(Stored dataset items)

---------------

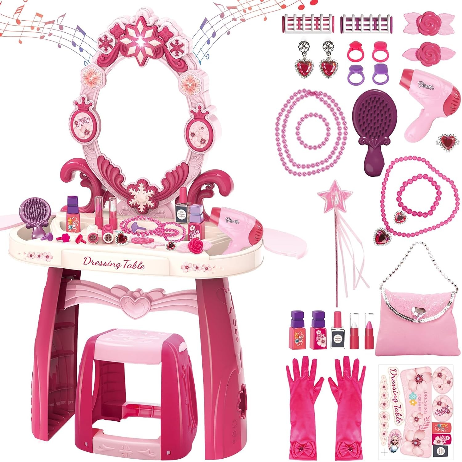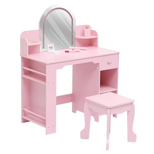 deAO Kids Vanity Table and Chair Set, Toddler Vanity with Light & Music, Shatterproof Mirror, Pretend Play Makeup, Grooming Accessories, Princess Beauty Salon Toy, Birthday Gift for Girls 3+(PINK)
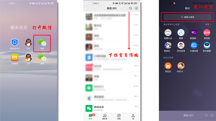 步骤1.打开你的微信(手机端),进入微信的首页,随后下拉你的首页顶部,然后会发现你常用的小程序都显示在这里,我们点击上方搜索框;
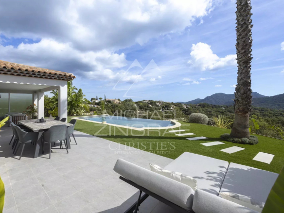 Érigée sur un terrain paysager de plus de 1 980 m², au sein d’un domaine privé prestigieux avec courts de tennis, cette superbe villa contemporaine de 237 m² séduira par ses volumes généreux, son confort moderne et sa vue imprenable sur les collines de l’Estérel.
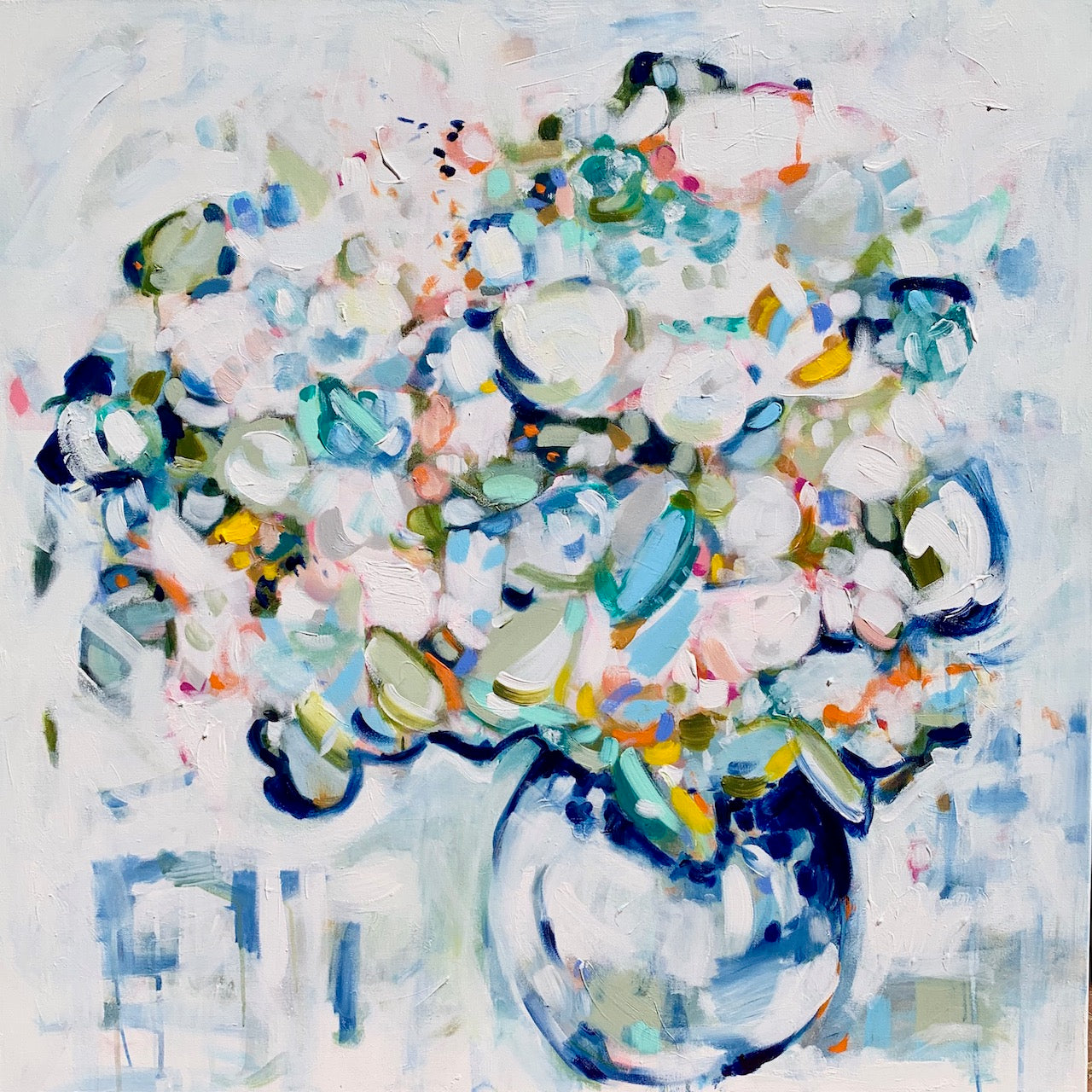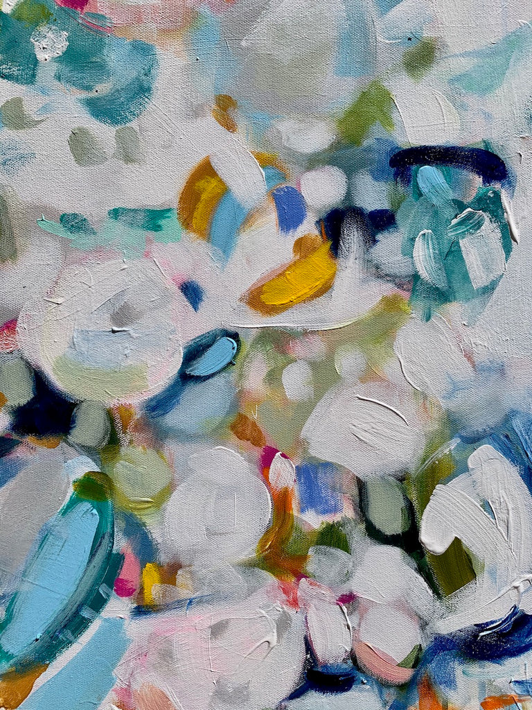 Michele James is an abstract painter known for her large works on canvas. She is inspired by color and movement and uses strong brushstroke and varied marks on neutral canvases with pops of bold colors. She paints with acrylics , and uses chalk, oil pastels and pencil to vary the texture and medium of her works. She is influenced by the colors in nature, the lightness and space of the sky, and the texture and depth of landscapes. “I love to make people happy and for a client to add my painting to their home is wonderful compliment” Michele received a BFA in fine art and art history at Hunter College in New York, NY with a concentration in studio painting. Michele paints out of her home studio in Atlanta where she lives with her husband and three kids.
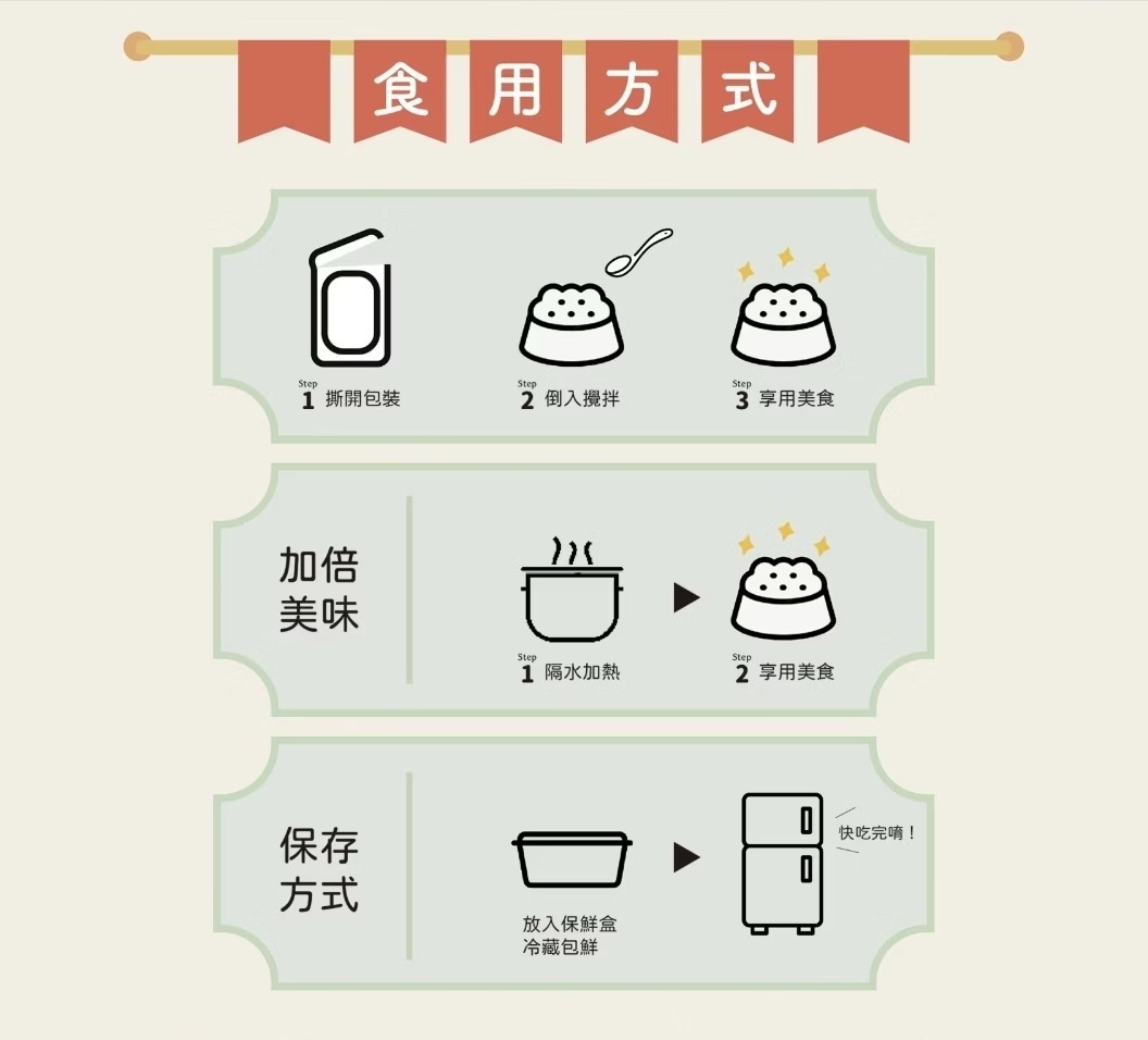 新鮮100%純肉蔬果製品,包裝皆使用高溫殺菌鋁箔帶,請常溫保存。
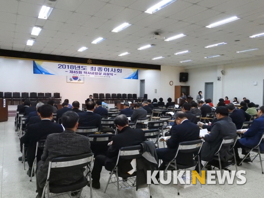 26일 오후 서울 동아홀에서 열린 대한약사회 ‘2018년 최종이사회 및 제45회 약사금탑상 시상식’에서 조 회장은 이 같이 밝혔다. 이사회에 상정된 주요 안건은 ▲제주지부 분회 통합 승인 ▲회계간 차입 추진 ▲정기대의원총회 상정 등이었다. 제45회 약사금탑상 수상의 영광은 이진희 약사, 문애리 약사, 최형옥 약사, 김영근 약사, 김병진 약사 등에게 돌아갔다.
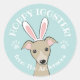 Sticker Rond Pâques Italien Greyhhound Chien mignonne Lapin ore
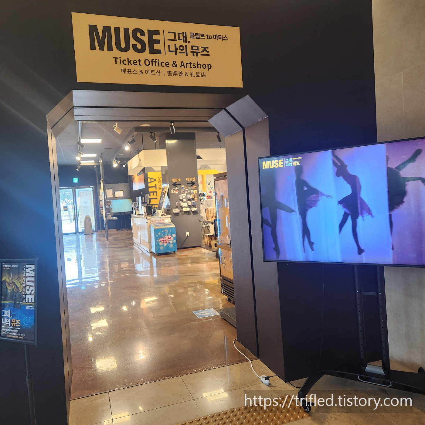 탐모라 클럽하우스 2층에서는 전시회가 있는 모양이던데, 조식당 입구 맞은편에 이렇게 매표소와 굿즈샵이 있었어요.
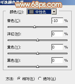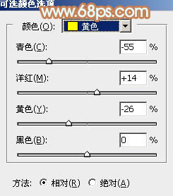 2、创建可选颜色调整图层,对黄、绿、中性色进行调整,参数设置如图2 - 4,效果如图5。这一步把背景部分的绿色转为橙黄色。
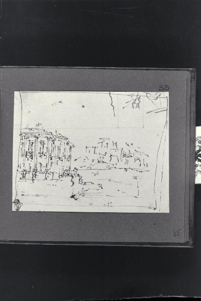 - NOTIZIE STORICO CRITICHE Il disegno fa parte di un piccolo album Vallardi del 1840, di dimensioni mm 160 x 175, sulla cui copertina in pelle marrone chiaro è incisa l'iscrizione in lettere capitali dorate "Paolo Landriani / milanese / e suoi contemporanei / nell'arte prospettica valentissimi / questi loro disegni / Giuseppe Vallardi / raccolse per tramandare / co' passati maestri a' futuri / la stabile rinomanza / della scuola lombarda / l'anno MDCCCXL". Ogni singolo disegno è incollato a un foglio dell'album di carta di colore grigio-azzurro.
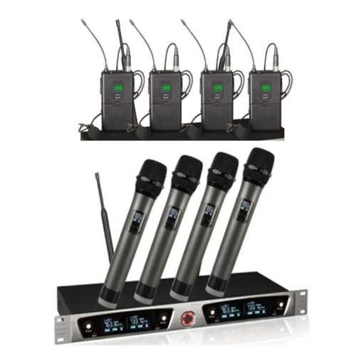 Радиосистема с четырьмя ручными микрофонами и четырьмя петличными (главными) микрофонами Emiter-S TA
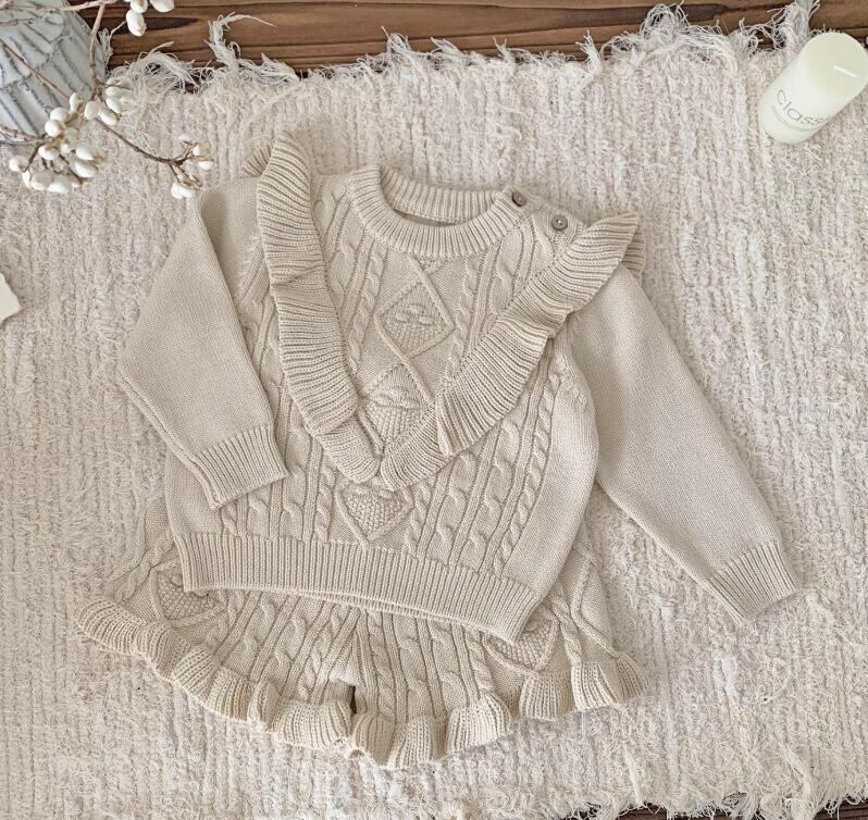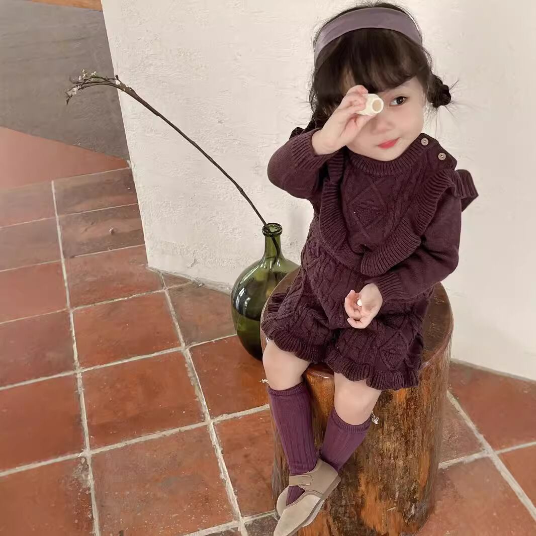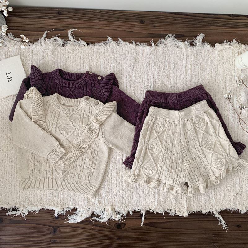 愛らしいショルダーフリルと裾フリルが特徴のケーブルニットセットアップ。赤ちゃんから幼児まで快適に着用できる柔らかな素材が、動きやすさとあたたかさを提供します。ショートパンツとのコンビネーションで、元気いっぱいのお子様にぴったり!おしゃれでありながらもカジュアルな印象で、日常使いや特別なお出かけシーンでも大活躍してくれる一着◎
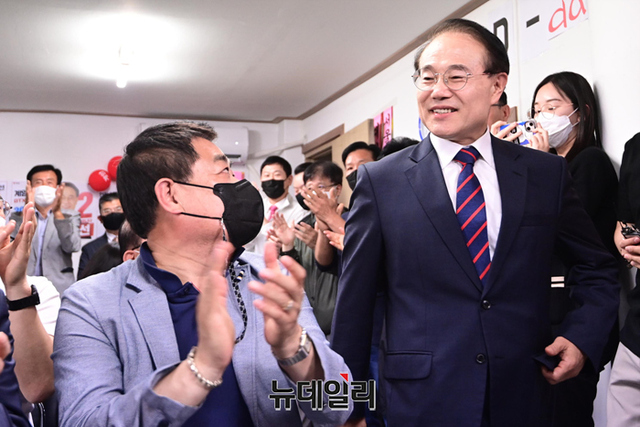 윤형선 국민의힘 인천 계양을 국회의원 보궐선거 후보가 1일 오후 인천 계양구 선거캠프에 마련된 개표상황실에서 출구조사를 보기 위해 이동하고 있다. (인천=강민석 기자)
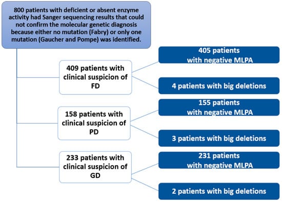 Vinci M, Zizzo C, Moschetti M, Giacomarra M, Anania M, Duro G, Di Chiara T, Russo M, Messina E, Colomba P, et al. Multiplex Ligation Probe Amplification and Sanger Sequencing: Light and Shade in the Diagnosis of Lysosomal Storage Disorders. Biomedicines. 2025; 13(4):973. https://doi.org/10.3390/biomedicines13040973

---------------

*What is expected*
Exact copies of the entries above are needed, with every picture removed.

*Answer below*
 deAO Kids Vanity Table and Chair Set, Toddler Vanity with Light & Music, Shatterproof Mirror, Pretend Play Makeup, Grooming Accessories, Princess Beauty Salon Toy, Birthday Gift for Girls 3+(PINK)
 步骤1.打开你的微信(手机端),进入微信的首页,随后下拉你的首页顶部,然后会发现你常用的小程序都显示在这里,我们点击上方搜索框;
 Érigée sur un terrain paysager de plus de 1 980 m², au sein d’un domaine privé prestigieux avec courts de tennis, cette superbe villa contemporaine de 237 m² séduira par ses volumes généreux, son confort moderne et sa vue imprenable sur les collines de l’Estérel.
 Michele James is an abstract painter known for her large works on canvas. She is inspired by color and movement and uses strong brushstroke and varied marks on neutral canvases with pops of bold colors. She paints with acrylics , and uses chalk, oil pastels and pencil to vary the texture and medium of her works. She is influenced by the colors in nature, the lightness and space of the sky, and the texture and depth of landscapes. “I love to make people happy and for a client to add my painting to their home is wonderful compliment” Michele received a BFA in fine art and art history at Hunter College in New York, NY with a concentration in studio painting. Michele paints out of her home studio in Atlanta where she lives with her husband and three kids.
 新鮮100%純肉蔬果製品,包裝皆使用高溫殺菌鋁箔帶,請常溫保存。
 26일 오후 서울 동아홀에서 열린 대한약사회 ‘2018년 최종이사회 및 제45회 약사금탑상 시상식’에서 조 회장은 이 같이 밝혔다. 이사회에 상정된 주요 안건은 ▲제주지부 분회 통합 승인 ▲회계간 차입 추진 ▲정기대의원총회 상정 등이었다. 제45회 약사금탑상 수상의 영광은 이진희 약사, 문애리 약사, 최형옥 약사, 김영근 약사, 김병진 약사 등에게 돌아갔다.
 Sticker Rond Pâques Italien Greyhhound Chien mignonne Lapin ore
 탐모라 클럽하우스 2층에서는 전시회가 있는 모양이던데, 조식당 입구 맞은편에 이렇게 매표소와 굿즈샵이 있었어요.
 2、创建可选颜色调整图层,对黄、绿、中性色进行调整,参数设置如图2 - 4,效果如图5。这一步把背景部分的绿色转为橙黄色。
 - NOTIZIE STORICO CRITICHE Il disegno fa parte di un piccolo album Vallardi del 1840, di dimensioni mm 160 x 175, sulla cui copertina in pelle marrone chiaro è incisa l'iscrizione in lettere capitali dorate "Paolo Landriani / milanese / e suoi contemporanei / nell'arte prospettica valentissimi / questi loro disegni / Giuseppe Vallardi / raccolse per tramandare / co' passati maestri a' futuri / la stabile rinomanza / della scuola lombarda / l'anno MDCCCXL". Ogni singolo disegno è incollato a un foglio dell'album di carta di colore grigio-azzurro.
 Радиосистема с четырьмя ручными микрофонами и четырьмя петличными (главными) микрофонами Emiter-S TA
 愛らしいショルダーフリルと裾フリルが特徴のケーブルニットセットアップ。赤ちゃんから幼児まで快適に着用できる柔らかな素材が、動きやすさとあたたかさを提供します。ショートパンツとのコンビネーションで、元気いっぱいのお子様にぴったり!おしゃれでありながらもカジュアルな印象で、日常使いや特別なお出かけシーンでも大活躍してくれる一着◎
 윤형선 국민의힘 인천 계양을 국회의원 보궐선거 후보가 1일 오후 인천 계양구 선거캠프에 마련된 개표상황실에서 출구조사를 보기 위해 이동하고 있다. (인천=강민석 기자)
 Vinci M, Zizzo C, Moschetti M, Giacomarra M, Anania M, Duro G, Di Chiara T, Russo M, Messina E, Colomba P, et al. Multiplex Ligation Probe Amplification and Sanger Sequencing: Light and Shade in the Diagnosis of Lysosomal Storage Disorders. Biomedicines. 2025; 13(4):973. https://doi.org/10.3390/biomedicines13040973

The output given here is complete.